→ **Your task**
Give back the full listing, character for character, with no pictures.

→ **Information provided**
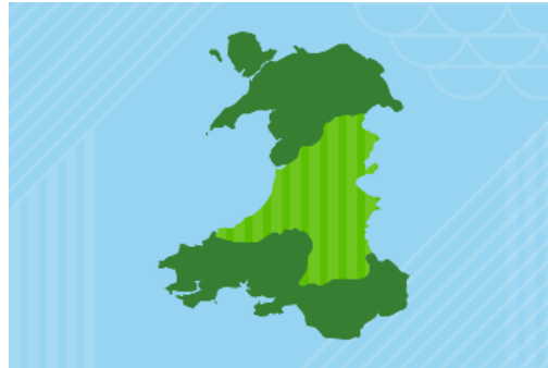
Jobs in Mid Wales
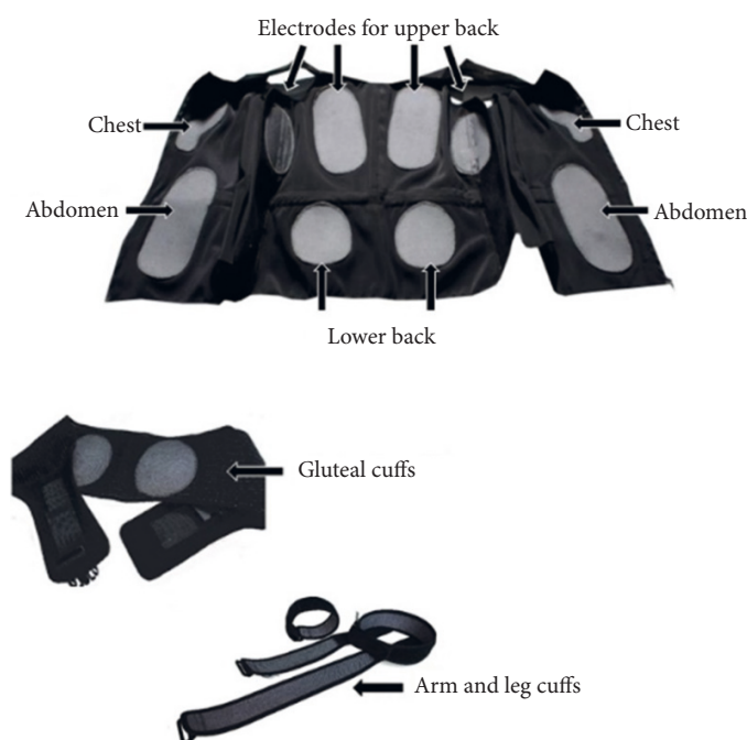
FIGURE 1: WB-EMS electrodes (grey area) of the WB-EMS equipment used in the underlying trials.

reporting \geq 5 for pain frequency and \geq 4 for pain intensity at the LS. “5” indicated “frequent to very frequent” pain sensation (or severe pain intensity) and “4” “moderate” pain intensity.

→ **Response below**
Jobs in Mid Wales
FIGURE 1: WB-EMS electrodes (grey area) of the WB-EMS equipment used in the underlying trials.

reporting \geq 5 for pain frequency and \geq 4 for pain intensity at the LS. “5” indicated “frequent to very frequent” pain sensation (or severe pain intensity) and “4” “moderate” pain intensity.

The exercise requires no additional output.